Again, we play a game, but we don’t always realize that’s what we’re doing. “It’s time for bed!” and a toddler walks to the bedroom. “Where’s your milk?” perhaps asked rhetorically, and they gesture to a fallen sippy cup. This is when we can sometimes be surprised that a child is making connections, has attached to language we didn’t realize they knew.
Finally, there’s “use.” Babbling or actual words to talk to or about an object, person, quality.
“Go to mama” again and again and again quickly leads to outstretched arms to the proper adult, and after what might be a million years, the sweetest “mama” ears have ever heard. We figure out pretty quickly that getting the right sounds in the right order gets us what we want, whether it’s glee from our favorite people or a sought-after object.
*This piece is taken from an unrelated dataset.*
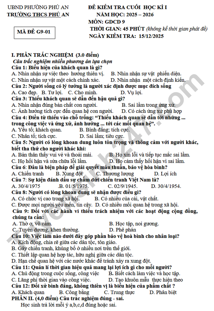 Đề thi học kì 1 lớp 9 môn GDCD 2025 - THCS Phú An (Có đáp án)
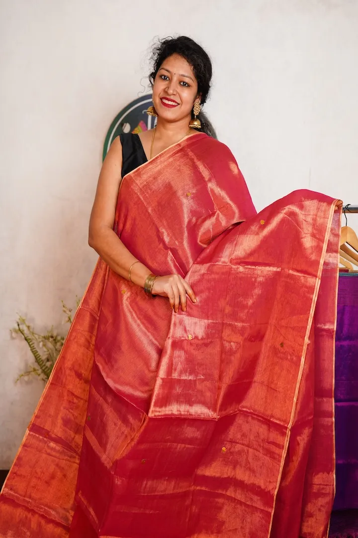 Stunning tissue sarees that are extremely light weight and easy to drape. Has a beautiful shine on the body and a golden border. Saree comes with running blouse.

This lasts far beyond toddlerhood. As long as we’re learning language, we’re hearing new words, we’re using the skills at our disposal to attach meaning, whether that be contextual clues or a quick internet search, and then we’re using those words. If it’s water or help, or chemistry vocabulary, or required occupational jargon, or a different language than the one we grew up using, these three stages are constantly being used, at every stage of our lives.
It’s not a Montessori invention, merely a Montessori name and a classroom tool for a very human experience.